## Data extracts
-----

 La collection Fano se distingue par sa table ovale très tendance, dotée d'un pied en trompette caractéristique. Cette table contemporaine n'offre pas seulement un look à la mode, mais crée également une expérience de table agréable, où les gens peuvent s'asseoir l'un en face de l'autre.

-----

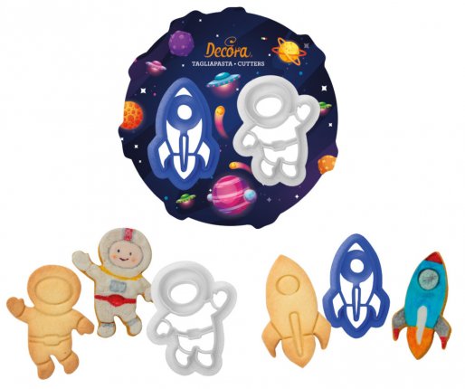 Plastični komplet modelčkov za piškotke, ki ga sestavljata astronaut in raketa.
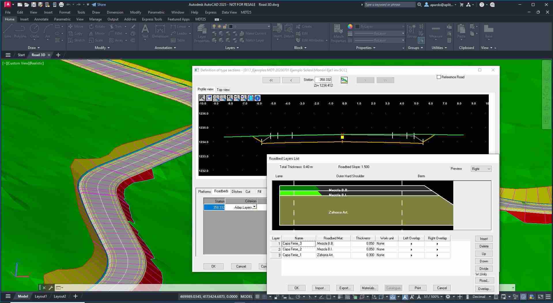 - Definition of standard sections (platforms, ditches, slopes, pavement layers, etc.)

-----

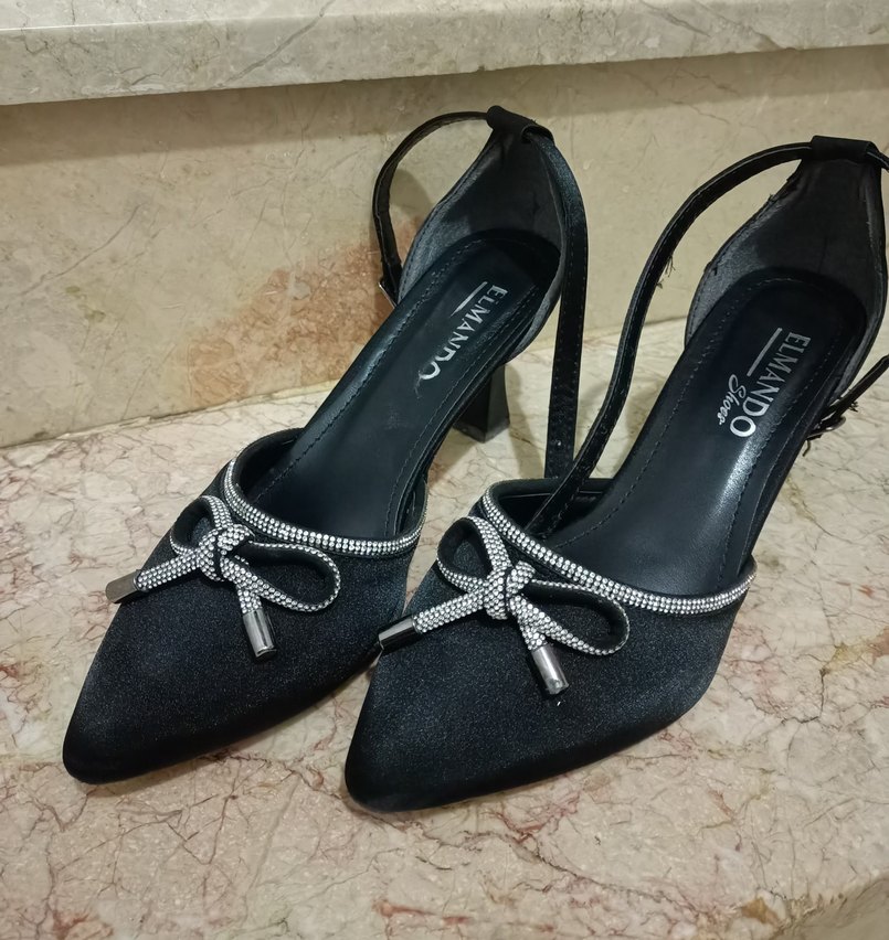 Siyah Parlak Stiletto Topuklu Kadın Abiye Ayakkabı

-----

## Brief
Copy exactly the lines of the entries above from the one containing "Plastični komplet modelčkov" through the one containing "- Definition of". Both end lines count; pictures do not.

## Reply
 Plastični komplet modelčkov za piškotke, ki ga sestavljata astronaut in raketa.
 - Definition of standard sections (platforms, ditches, slopes, pavement layers, etc.)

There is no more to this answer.